On Friday, Citi adjusted its price target for NASDAQ:FUTU, the stock of Futu Holdings (NASDAQ:FUTU) Limited, to $75.30 from the previous target of $76.90. The firm sustained a Buy rating on the shares.
The adjustment followed Futu's fourth-quarter earnings report, which revealed a non-GAAP net profit after tax (NPAT) of HK$950.5 billion, a decrease of 17.9% quarter-over-quarter and 6.3% year-over-year. This resulted in a full-year non-GAAP NPAT of HK$4.57 billion, falling short of Citi's expectations by 1.4%.
The company's gross profit for the fourth quarter dropped by 11.1% quarter-over-quarter to HK$2.0 billion. This decline was attributed to a combination of weaker brokerage commission income, which decreased by 10.7% quarter-over-quarter due to a 12.2% reduction in trading volume, and a decrease in net interest income by 12.7% quarter-over-quarter. The latter was impacted by lower daily average client cash balances and stock borrowing balances.

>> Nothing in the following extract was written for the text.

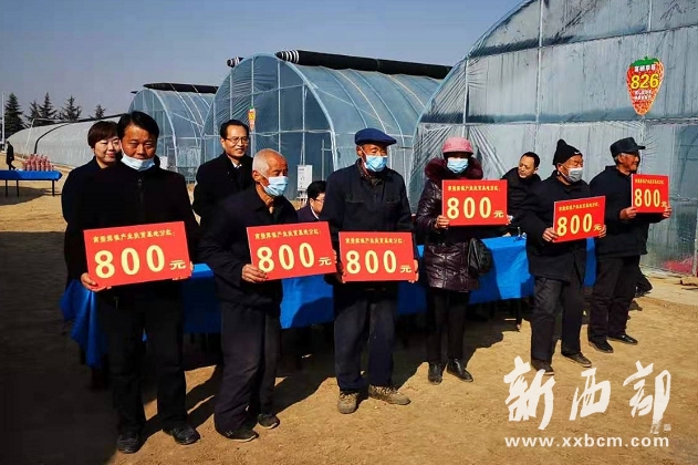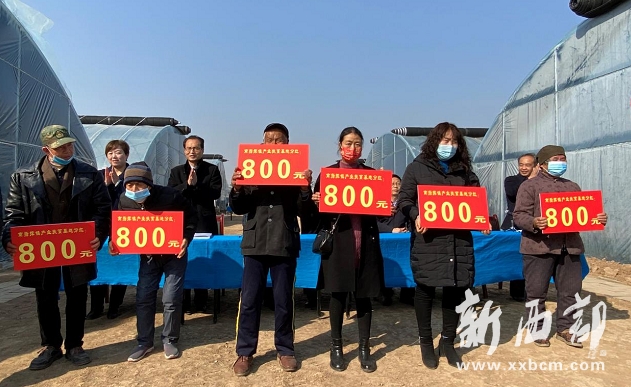 2月8日,寶雞市鳳翔區(qū)南指揮鎮(zhèn)舉辦產(chǎn)業(yè)扶貧基地草莓園項目分紅大會,全鎮(zhèn)12個行政村共78名建檔立卡貧困戶每戶分別領到分紅金800元,合計現(xiàn)金分紅6.24萬元,真正實現(xiàn)了用資產(chǎn)收益向貧困群眾分紅,造福貧困群眾。

Futu's operating profit also experienced a significant decrease, down by 22.5% quarter-over-quarter and 8.5% year-over-year, to HK$1.02 billion. The operating profit margin (OPM) saw a notable decline, dropping by 7.3 percentage points quarter-over-quarter and 5 percentage points year-over-year to 50.1%. Additionally, the company's return on equity (ROE) diminished by 4.4 percentage points quarter-over-quarter and 4.0 percentage points year-over-year to 15.8%.
The company's core leverage ratio also saw a slight reduction, falling by 0.1x quarter-over-quarter to 2.1x. In response to the financial results, Futu has initiated a new share repurchase program, which authorizes the buyback of up to $500 million of its American Depositary Shares (ADSs). The program is set to remain valid until the end of 2025.